# Task statement
Your task is to repeat exactly the lines below between the line holding "カジュアルパンツ イージーパンツ テーパード" and the line holding "7 OZ GLASS COFFEE", inclusive, and only those.

# Dataset records

* * * * *

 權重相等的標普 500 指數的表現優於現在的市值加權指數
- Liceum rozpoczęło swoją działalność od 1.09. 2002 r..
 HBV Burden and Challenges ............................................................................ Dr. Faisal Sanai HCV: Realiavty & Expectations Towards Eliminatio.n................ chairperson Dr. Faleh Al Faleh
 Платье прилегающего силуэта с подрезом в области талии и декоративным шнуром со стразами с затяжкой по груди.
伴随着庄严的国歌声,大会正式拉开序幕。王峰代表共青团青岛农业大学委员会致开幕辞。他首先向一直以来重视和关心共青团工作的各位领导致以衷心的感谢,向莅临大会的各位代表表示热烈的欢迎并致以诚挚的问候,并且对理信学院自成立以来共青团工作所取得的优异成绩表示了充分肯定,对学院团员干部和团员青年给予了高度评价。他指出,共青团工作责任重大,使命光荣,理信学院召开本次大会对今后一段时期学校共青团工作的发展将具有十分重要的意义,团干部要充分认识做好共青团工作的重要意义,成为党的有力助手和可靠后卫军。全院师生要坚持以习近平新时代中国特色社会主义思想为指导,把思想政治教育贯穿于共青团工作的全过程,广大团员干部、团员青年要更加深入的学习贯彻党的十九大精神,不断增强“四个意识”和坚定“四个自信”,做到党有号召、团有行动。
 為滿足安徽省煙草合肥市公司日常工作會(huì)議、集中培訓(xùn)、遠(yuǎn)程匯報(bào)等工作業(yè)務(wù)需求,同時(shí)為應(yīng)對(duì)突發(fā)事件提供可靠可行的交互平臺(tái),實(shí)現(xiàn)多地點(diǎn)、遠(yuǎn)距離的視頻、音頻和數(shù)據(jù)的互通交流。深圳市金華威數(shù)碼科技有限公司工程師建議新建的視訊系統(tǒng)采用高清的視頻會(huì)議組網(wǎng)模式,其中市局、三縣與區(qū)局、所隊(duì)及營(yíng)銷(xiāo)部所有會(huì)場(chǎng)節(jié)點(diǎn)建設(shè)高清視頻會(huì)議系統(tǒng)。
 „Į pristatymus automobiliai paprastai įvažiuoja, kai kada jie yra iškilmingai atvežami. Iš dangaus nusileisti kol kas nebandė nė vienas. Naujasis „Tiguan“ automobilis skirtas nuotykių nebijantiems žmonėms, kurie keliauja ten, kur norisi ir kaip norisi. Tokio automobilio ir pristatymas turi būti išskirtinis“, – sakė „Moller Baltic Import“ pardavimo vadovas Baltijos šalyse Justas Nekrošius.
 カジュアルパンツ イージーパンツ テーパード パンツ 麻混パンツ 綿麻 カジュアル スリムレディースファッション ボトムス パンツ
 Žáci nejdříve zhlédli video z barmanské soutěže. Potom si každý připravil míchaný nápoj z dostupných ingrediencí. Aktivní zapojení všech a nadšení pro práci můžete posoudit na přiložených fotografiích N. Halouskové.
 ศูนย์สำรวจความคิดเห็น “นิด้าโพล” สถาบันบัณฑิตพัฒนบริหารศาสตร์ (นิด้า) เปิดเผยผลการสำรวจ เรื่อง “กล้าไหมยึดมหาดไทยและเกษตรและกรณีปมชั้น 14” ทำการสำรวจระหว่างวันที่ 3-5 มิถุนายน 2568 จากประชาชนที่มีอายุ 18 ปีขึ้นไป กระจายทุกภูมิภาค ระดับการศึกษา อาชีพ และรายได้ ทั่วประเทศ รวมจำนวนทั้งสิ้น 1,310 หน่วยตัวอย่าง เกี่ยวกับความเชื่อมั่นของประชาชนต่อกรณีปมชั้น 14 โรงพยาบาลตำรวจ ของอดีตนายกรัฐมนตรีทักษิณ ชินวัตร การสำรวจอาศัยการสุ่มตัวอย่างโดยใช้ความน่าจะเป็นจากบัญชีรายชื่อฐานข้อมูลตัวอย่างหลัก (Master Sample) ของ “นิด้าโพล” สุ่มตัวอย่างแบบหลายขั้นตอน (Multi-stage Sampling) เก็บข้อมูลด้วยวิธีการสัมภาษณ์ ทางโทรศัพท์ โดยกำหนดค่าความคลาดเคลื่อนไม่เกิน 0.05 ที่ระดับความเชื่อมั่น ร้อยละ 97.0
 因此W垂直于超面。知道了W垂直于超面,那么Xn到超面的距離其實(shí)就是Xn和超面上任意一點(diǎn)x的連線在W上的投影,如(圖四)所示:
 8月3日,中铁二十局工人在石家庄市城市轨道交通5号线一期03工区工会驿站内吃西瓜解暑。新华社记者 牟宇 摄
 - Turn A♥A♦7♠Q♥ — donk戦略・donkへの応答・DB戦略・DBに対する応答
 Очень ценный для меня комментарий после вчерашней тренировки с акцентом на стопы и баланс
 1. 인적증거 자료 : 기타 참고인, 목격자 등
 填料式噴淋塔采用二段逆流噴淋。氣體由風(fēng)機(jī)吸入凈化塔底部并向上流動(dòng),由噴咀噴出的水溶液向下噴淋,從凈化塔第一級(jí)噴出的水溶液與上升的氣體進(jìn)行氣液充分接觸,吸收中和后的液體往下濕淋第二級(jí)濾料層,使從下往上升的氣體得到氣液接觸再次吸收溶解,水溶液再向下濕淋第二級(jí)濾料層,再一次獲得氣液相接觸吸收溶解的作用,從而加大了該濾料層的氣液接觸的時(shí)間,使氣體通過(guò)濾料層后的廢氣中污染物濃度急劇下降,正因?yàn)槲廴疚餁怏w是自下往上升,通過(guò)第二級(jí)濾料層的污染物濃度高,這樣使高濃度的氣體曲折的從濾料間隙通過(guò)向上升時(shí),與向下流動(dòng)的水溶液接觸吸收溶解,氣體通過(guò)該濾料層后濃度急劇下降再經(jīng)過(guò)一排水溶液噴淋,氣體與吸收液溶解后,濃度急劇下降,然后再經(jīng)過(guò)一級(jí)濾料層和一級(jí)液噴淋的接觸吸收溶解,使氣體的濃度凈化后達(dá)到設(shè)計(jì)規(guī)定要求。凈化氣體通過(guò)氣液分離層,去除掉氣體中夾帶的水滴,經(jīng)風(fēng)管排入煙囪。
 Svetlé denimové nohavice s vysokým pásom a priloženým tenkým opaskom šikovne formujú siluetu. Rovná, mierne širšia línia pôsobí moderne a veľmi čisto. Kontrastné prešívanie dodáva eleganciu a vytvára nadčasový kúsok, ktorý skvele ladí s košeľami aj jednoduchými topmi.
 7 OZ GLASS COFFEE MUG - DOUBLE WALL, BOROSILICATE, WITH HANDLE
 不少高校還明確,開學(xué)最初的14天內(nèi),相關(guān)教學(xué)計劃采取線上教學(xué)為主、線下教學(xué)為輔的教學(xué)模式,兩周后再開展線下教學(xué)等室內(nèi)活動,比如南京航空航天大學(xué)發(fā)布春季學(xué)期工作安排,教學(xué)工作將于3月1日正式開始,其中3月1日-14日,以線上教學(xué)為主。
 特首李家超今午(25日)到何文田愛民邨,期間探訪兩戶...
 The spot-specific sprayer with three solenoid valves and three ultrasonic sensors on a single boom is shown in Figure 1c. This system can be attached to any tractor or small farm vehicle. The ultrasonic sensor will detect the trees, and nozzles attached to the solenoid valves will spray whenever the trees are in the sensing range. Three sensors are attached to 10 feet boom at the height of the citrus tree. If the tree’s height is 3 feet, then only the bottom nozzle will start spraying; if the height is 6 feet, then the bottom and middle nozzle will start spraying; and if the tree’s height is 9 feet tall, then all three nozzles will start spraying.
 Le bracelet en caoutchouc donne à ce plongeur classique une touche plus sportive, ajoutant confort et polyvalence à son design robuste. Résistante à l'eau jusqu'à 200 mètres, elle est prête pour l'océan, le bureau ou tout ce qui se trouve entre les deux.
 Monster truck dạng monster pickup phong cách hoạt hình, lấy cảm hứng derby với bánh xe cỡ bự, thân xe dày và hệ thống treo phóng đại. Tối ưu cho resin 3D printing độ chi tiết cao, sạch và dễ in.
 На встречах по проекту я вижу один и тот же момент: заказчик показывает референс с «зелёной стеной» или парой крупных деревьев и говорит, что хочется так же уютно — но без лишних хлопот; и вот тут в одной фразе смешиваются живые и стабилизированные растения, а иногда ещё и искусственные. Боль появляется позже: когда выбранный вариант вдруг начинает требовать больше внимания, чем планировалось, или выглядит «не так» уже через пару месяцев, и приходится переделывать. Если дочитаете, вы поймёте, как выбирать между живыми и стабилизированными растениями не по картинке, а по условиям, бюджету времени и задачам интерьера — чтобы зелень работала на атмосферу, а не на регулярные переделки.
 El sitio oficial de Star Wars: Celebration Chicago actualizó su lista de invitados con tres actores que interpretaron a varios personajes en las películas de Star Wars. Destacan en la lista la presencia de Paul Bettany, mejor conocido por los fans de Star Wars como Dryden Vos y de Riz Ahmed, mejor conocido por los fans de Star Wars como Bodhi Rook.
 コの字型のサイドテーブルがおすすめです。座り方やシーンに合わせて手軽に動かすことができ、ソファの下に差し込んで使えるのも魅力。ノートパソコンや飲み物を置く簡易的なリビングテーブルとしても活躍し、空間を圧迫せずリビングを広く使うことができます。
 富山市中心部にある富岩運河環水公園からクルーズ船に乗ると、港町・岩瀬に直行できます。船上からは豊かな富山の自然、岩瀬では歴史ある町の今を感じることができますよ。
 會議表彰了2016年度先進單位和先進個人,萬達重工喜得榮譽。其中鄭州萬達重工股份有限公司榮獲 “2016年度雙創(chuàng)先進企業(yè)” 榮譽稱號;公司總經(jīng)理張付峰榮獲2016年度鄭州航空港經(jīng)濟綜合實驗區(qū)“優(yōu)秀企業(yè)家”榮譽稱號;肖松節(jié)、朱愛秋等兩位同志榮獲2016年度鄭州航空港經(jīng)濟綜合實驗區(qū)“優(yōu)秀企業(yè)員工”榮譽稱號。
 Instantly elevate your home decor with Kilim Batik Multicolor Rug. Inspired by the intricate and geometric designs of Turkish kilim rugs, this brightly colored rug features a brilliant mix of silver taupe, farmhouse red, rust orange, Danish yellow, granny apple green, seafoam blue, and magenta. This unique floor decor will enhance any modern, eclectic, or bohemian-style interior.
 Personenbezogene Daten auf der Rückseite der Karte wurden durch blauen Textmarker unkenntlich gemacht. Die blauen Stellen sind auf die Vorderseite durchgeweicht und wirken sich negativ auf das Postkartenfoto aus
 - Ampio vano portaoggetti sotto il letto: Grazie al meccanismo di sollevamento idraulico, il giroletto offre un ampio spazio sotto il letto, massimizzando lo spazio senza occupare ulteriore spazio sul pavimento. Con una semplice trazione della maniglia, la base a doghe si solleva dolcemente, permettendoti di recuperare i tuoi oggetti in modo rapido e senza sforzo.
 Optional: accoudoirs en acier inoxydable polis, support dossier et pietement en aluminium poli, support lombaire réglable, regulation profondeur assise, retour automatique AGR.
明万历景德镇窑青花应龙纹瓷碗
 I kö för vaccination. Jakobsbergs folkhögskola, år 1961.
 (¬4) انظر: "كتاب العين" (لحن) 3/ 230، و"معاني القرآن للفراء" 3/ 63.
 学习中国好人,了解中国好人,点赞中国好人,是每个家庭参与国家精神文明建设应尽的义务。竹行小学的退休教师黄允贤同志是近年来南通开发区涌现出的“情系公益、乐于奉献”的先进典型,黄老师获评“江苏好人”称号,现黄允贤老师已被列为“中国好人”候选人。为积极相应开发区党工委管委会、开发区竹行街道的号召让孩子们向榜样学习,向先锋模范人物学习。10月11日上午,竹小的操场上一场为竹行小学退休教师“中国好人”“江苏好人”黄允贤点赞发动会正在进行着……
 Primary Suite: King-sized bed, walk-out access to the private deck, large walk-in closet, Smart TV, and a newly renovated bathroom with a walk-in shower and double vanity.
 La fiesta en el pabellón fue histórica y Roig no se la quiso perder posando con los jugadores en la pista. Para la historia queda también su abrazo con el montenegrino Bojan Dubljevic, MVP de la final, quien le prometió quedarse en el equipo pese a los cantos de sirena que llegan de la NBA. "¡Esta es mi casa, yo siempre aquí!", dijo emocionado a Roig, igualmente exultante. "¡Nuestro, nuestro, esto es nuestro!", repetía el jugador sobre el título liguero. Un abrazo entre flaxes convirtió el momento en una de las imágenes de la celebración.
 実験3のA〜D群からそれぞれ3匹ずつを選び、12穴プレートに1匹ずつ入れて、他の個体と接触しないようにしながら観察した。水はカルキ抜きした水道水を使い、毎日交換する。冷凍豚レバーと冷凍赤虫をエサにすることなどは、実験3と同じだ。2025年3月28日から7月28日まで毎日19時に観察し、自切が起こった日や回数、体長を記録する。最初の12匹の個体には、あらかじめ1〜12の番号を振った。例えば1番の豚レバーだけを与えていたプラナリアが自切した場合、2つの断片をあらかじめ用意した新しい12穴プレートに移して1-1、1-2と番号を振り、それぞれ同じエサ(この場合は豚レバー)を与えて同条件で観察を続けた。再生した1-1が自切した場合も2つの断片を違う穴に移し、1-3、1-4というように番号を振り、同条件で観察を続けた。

* * * * *

# Response to the task
 カジュアルパンツ イージーパンツ テーパード パンツ 麻混パンツ 綿麻 カジュアル スリムレディースファッション ボトムス パンツ
 Žáci nejdříve zhlédli video z barmanské soutěže. Potom si každý připravil míchaný nápoj z dostupných ingrediencí. Aktivní zapojení všech a nadšení pro práci můžete posoudit na přiložených fotografiích N. Halouskové.
 ศูนย์สำรวจความคิดเห็น “นิด้าโพล” สถาบันบัณฑิตพัฒนบริหารศาสตร์ (นิด้า) เปิดเผยผลการสำรวจ เรื่อง “กล้าไหมยึดมหาดไทยและเกษตรและกรณีปมชั้น 14” ทำการสำรวจระหว่างวันที่ 3-5 มิถุนายน 2568 จากประชาชนที่มีอายุ 18 ปีขึ้นไป กระจายทุกภูมิภาค ระดับการศึกษา อาชีพ และรายได้ ทั่วประเทศ รวมจำนวนทั้งสิ้น 1,310 หน่วยตัวอย่าง เกี่ยวกับความเชื่อมั่นของประชาชนต่อกรณีปมชั้น 14 โรงพยาบาลตำรวจ ของอดีตนายกรัฐมนตรีทักษิณ ชินวัตร การสำรวจอาศัยการสุ่มตัวอย่างโดยใช้ความน่าจะเป็นจากบัญชีรายชื่อฐานข้อมูลตัวอย่างหลัก (Master Sample) ของ “นิด้าโพล” สุ่มตัวอย่างแบบหลายขั้นตอน (Multi-stage Sampling) เก็บข้อมูลด้วยวิธีการสัมภาษณ์ ทางโทรศัพท์ โดยกำหนดค่าความคลาดเคลื่อนไม่เกิน 0.05 ที่ระดับความเชื่อมั่น ร้อยละ 97.0
 因此W垂直于超面。知道了W垂直于超面,那么Xn到超面的距離其實(shí)就是Xn和超面上任意一點(diǎn)x的連線在W上的投影,如(圖四)所示:
 8月3日,中铁二十局工人在石家庄市城市轨道交通5号线一期03工区工会驿站内吃西瓜解暑。新华社记者 牟宇 摄
 - Turn A♥A♦7♠Q♥ — donk戦略・donkへの応答・DB戦略・DBに対する応答
 Очень ценный для меня комментарий после вчерашней тренировки с акцентом на стопы и баланс
 1. 인적증거 자료 : 기타 참고인, 목격자 등
 填料式噴淋塔采用二段逆流噴淋。氣體由風(fēng)機(jī)吸入凈化塔底部并向上流動(dòng),由噴咀噴出的水溶液向下噴淋,從凈化塔第一級(jí)噴出的水溶液與上升的氣體進(jìn)行氣液充分接觸,吸收中和后的液體往下濕淋第二級(jí)濾料層,使從下往上升的氣體得到氣液接觸再次吸收溶解,水溶液再向下濕淋第二級(jí)濾料層,再一次獲得氣液相接觸吸收溶解的作用,從而加大了該濾料層的氣液接觸的時(shí)間,使氣體通過(guò)濾料層后的廢氣中污染物濃度急劇下降,正因?yàn)槲廴疚餁怏w是自下往上升,通過(guò)第二級(jí)濾料層的污染物濃度高,這樣使高濃度的氣體曲折的從濾料間隙通過(guò)向上升時(shí),與向下流動(dòng)的水溶液接觸吸收溶解,氣體通過(guò)該濾料層后濃度急劇下降再經(jīng)過(guò)一排水溶液噴淋,氣體與吸收液溶解后,濃度急劇下降,然后再經(jīng)過(guò)一級(jí)濾料層和一級(jí)液噴淋的接觸吸收溶解,使氣體的濃度凈化后達(dá)到設(shè)計(jì)規(guī)定要求。凈化氣體通過(guò)氣液分離層,去除掉氣體中夾帶的水滴,經(jīng)風(fēng)管排入煙囪。
 Svetlé denimové nohavice s vysokým pásom a priloženým tenkým opaskom šikovne formujú siluetu. Rovná, mierne širšia línia pôsobí moderne a veľmi čisto. Kontrastné prešívanie dodáva eleganciu a vytvára nadčasový kúsok, ktorý skvele ladí s košeľami aj jednoduchými topmi.
 7 OZ GLASS COFFEE MUG - DOUBLE WALL, BOROSILICATE, WITH HANDLE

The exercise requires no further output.